**Exercise goal:**
A word-for-word copy of the records below is needed, without the images.

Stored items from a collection
╔══

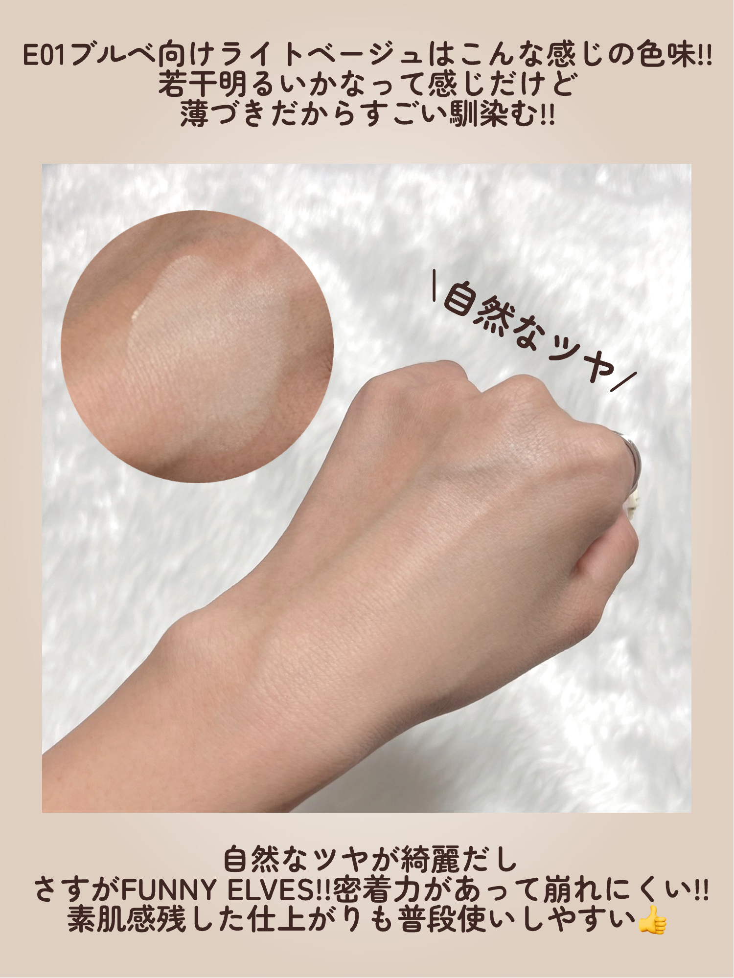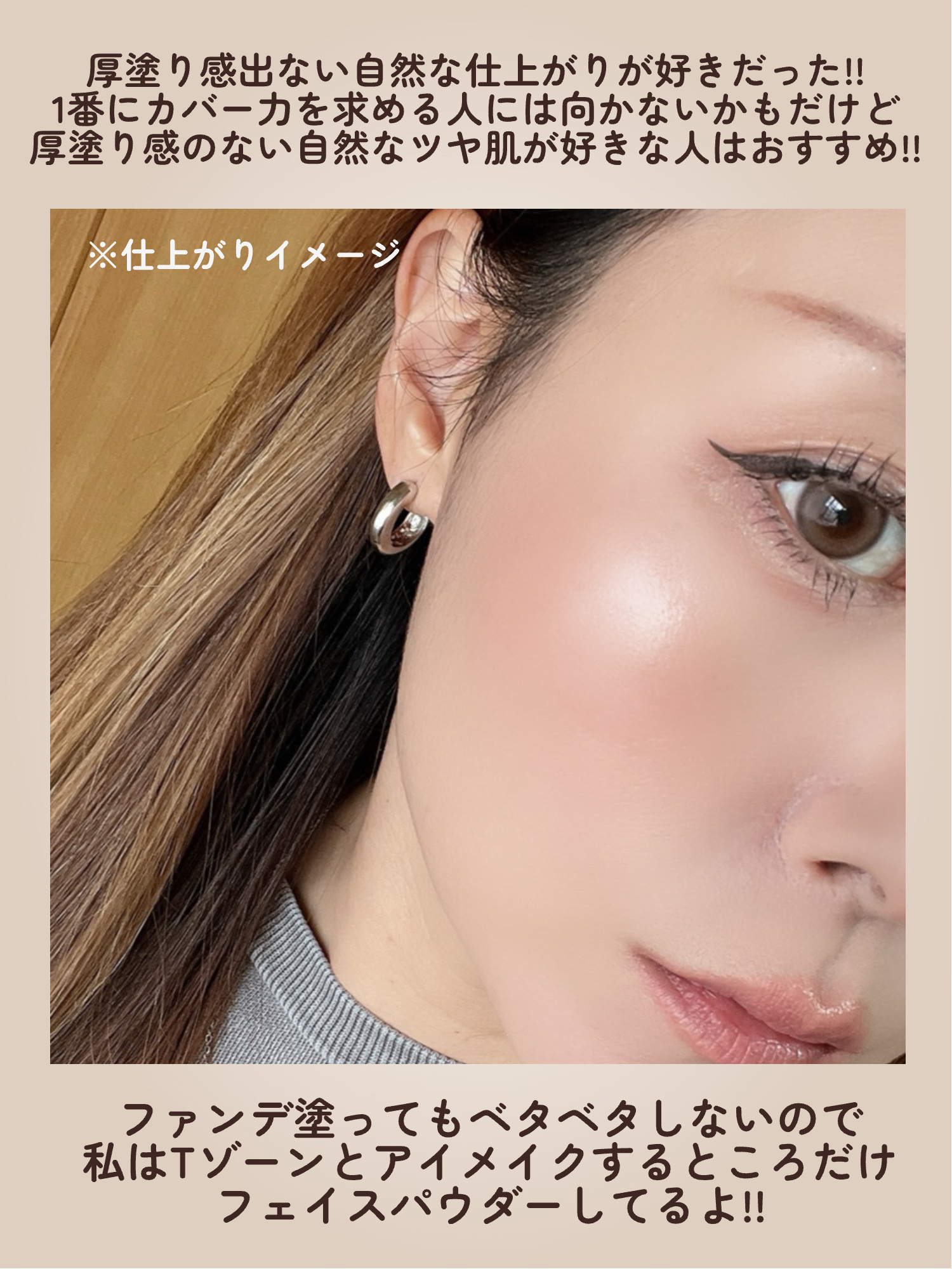 仕上がり綺麗。崩れにくい。乾燥崩れもしにくかった。 嫌なところ1個もない ツヤが綺麗な白玉肌が長時間続くところが好き!! 1日使ってても「早くメイク落とした〜い」となりにくいので肌への負担も感じにくい
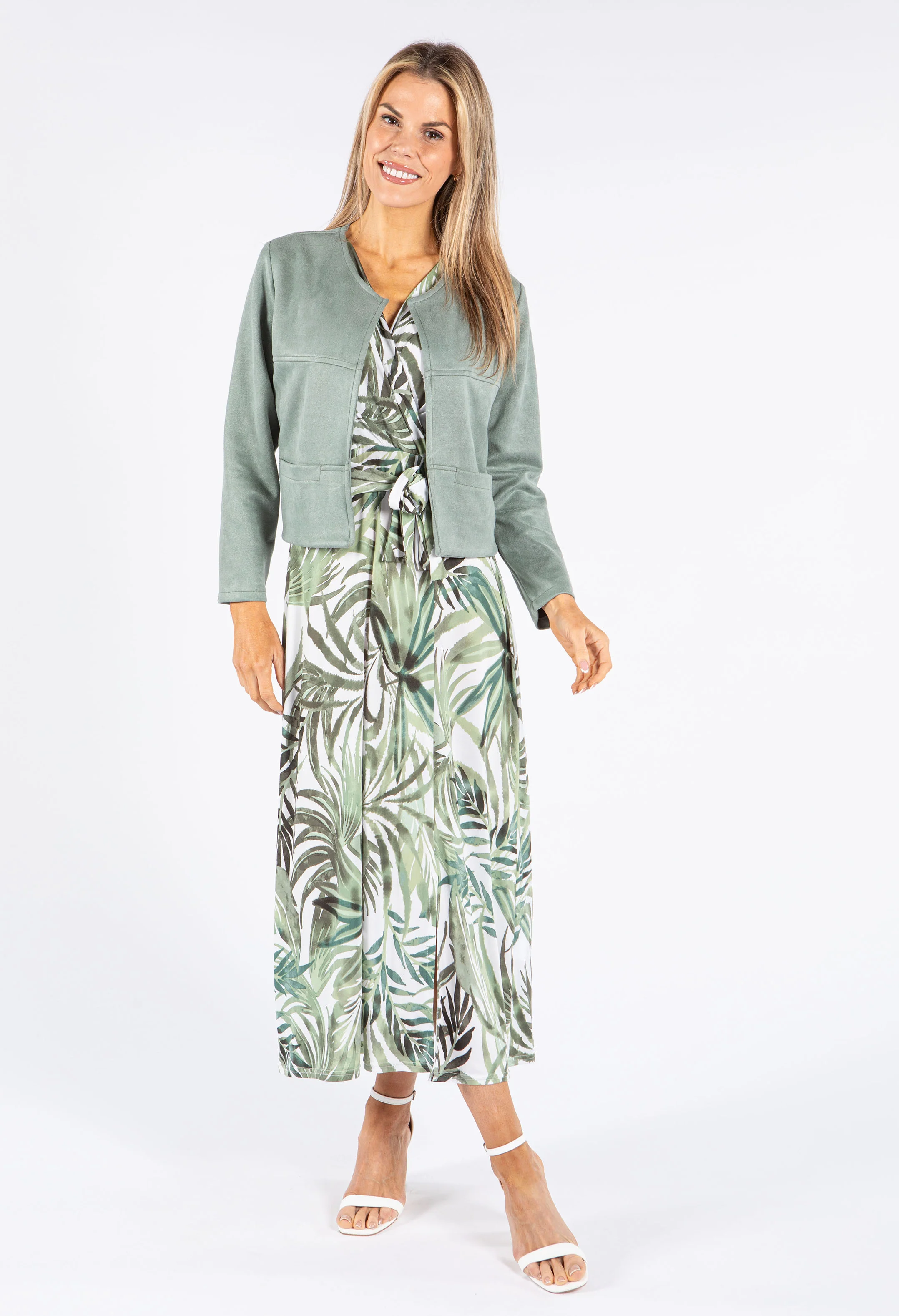 Palm Print Waisted Dress
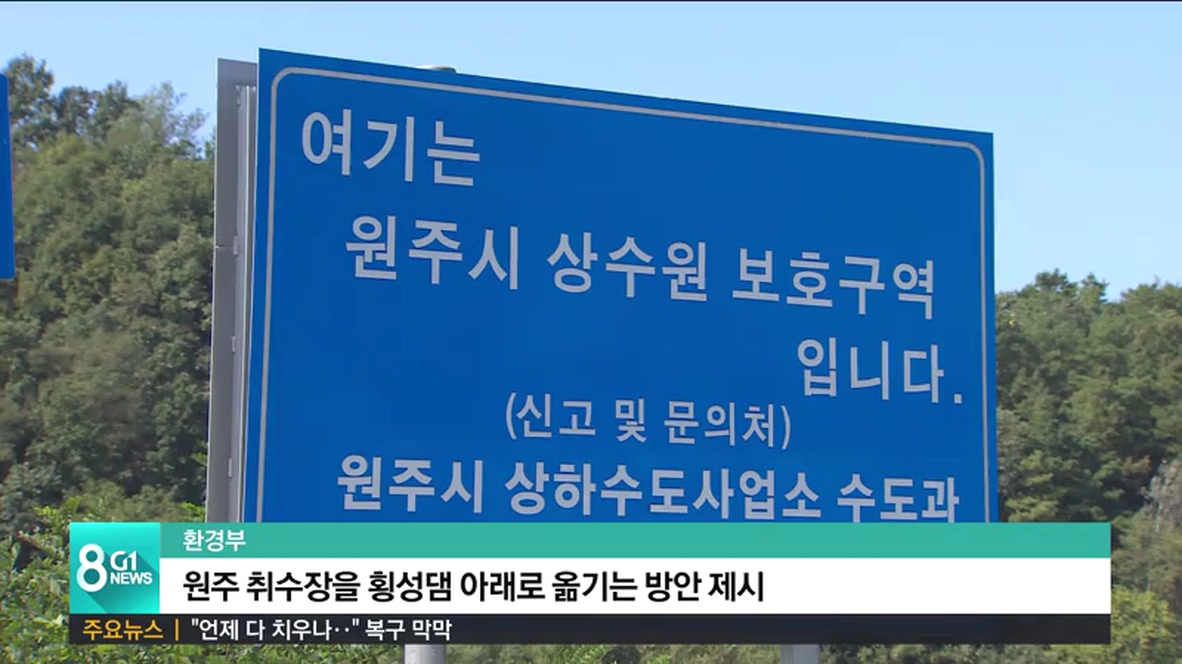 환경부가 원주 상수원보호구역 해제를 위한 대안으로, 현재 원주 장양취수장을 횡성댐 아래로 옮기는 방안을 제시해, 파장이 일고 있습니다.
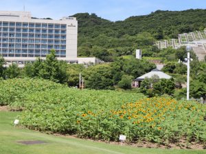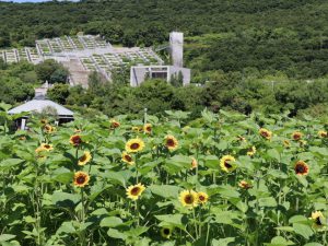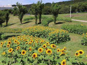 写真一・二枚目:‘ゴッホのひまわり’(場所:ポプラの丘)、三・四枚目:ポプラの丘の様子、五・六枚目:大地の虹南花壇の様子
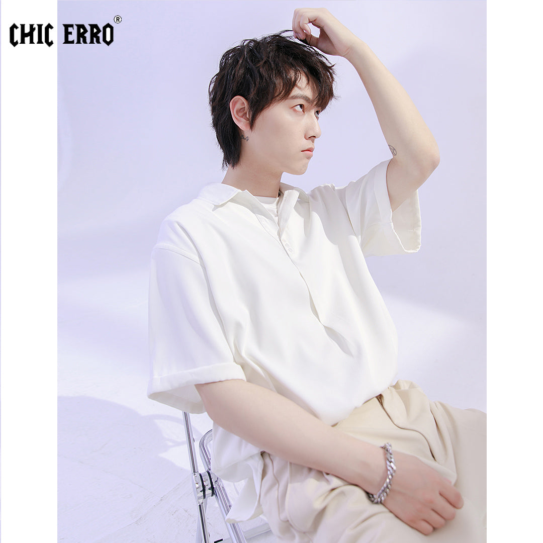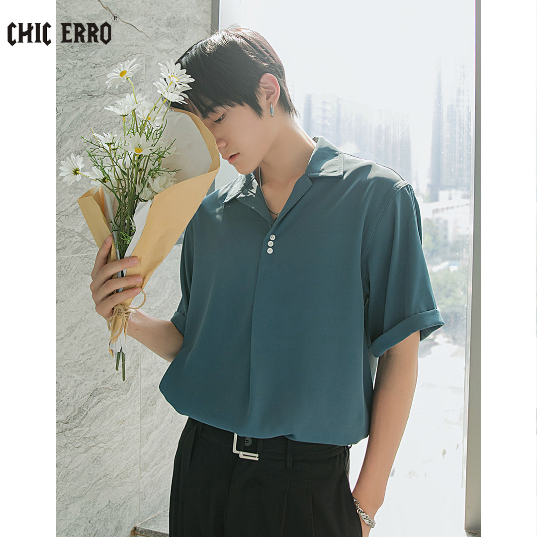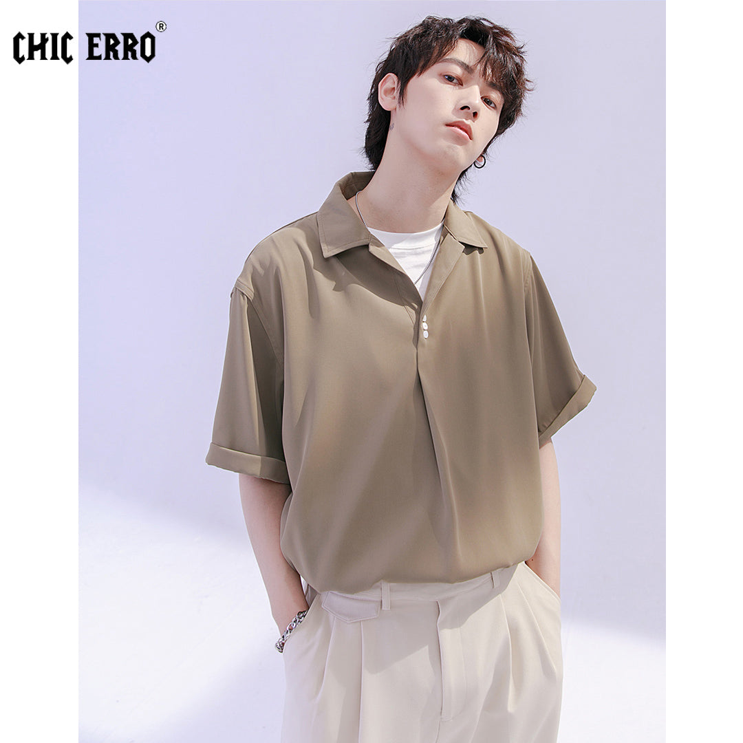CHIC ERRO Chic Erro shirt men's short-sleeved summer thin loose men's casual can be worn outside youth solid color shirt
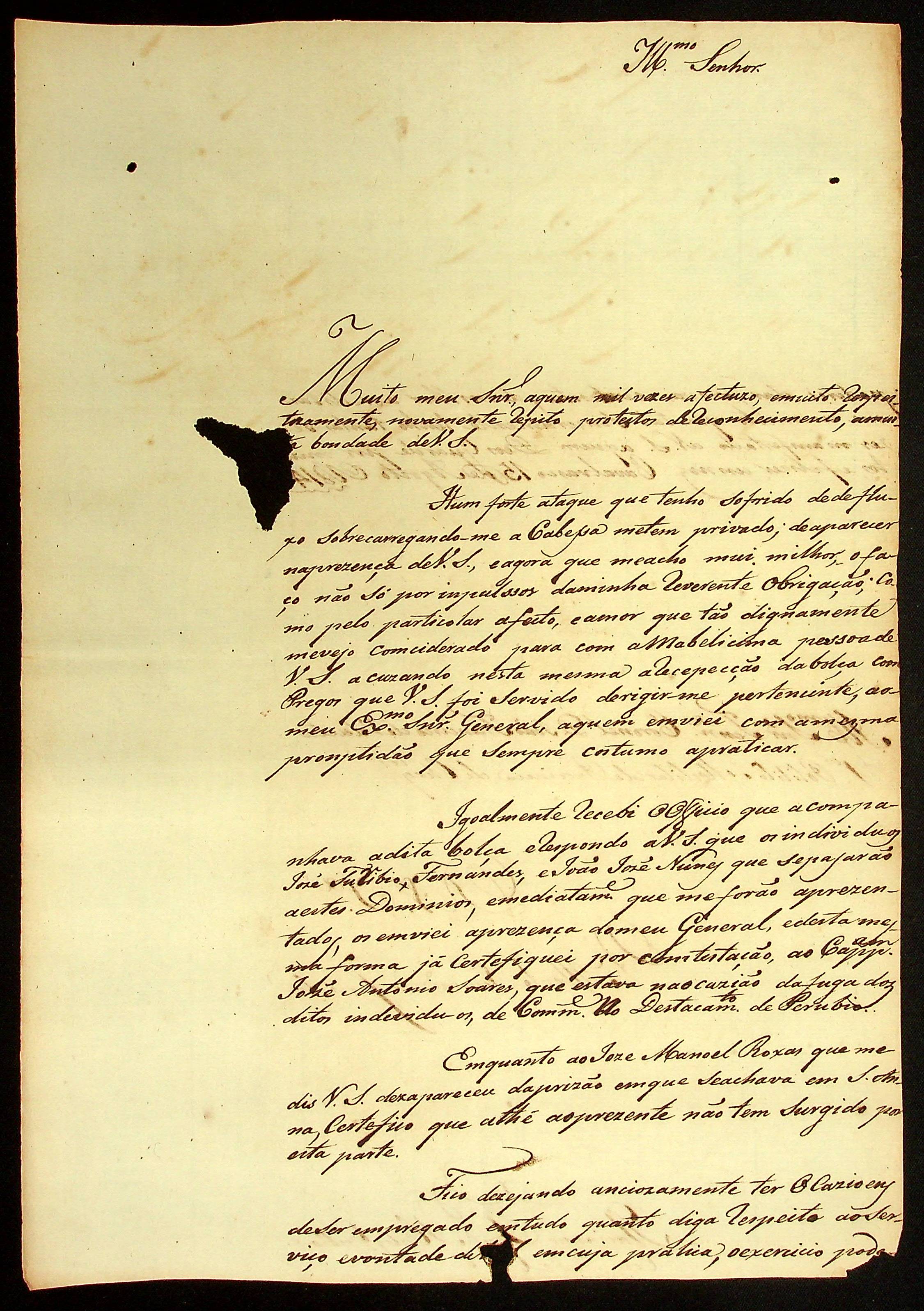 CARTA do [Capitão Comandante de Casalvasco] Flaviano José de Matos Coelho ao [Governador e Capitão-General da Capitania de Mato Grosso] João Carlos Augusto d’Oeynhausen e Gravenberg.

╚══

**Output of the task:**
 仕上がり綺麗。崩れにくい。乾燥崩れもしにくかった。 嫌なところ1個もない ツヤが綺麗な白玉肌が長時間続くところが好き!! 1日使ってても「早くメイク落とした〜い」となりにくいので肌への負担も感じにくい
 Palm Print Waisted Dress
 환경부가 원주 상수원보호구역 해제를 위한 대안으로, 현재 원주 장양취수장을 횡성댐 아래로 옮기는 방안을 제시해, 파장이 일고 있습니다.
 写真一・二枚目:‘ゴッホのひまわり’(場所:ポプラの丘)、三・四枚目:ポプラの丘の様子、五・六枚目:大地の虹南花壇の様子
CHIC ERRO Chic Erro shirt men's short-sleeved summer thin loose men's casual can be worn outside youth solid color shirt
 CARTA do [Capitão Comandante de Casalvasco] Flaviano José de Matos Coelho ao [Governador e Capitão-General da Capitania de Mato Grosso] João Carlos Augusto d’Oeynhausen e Gravenberg.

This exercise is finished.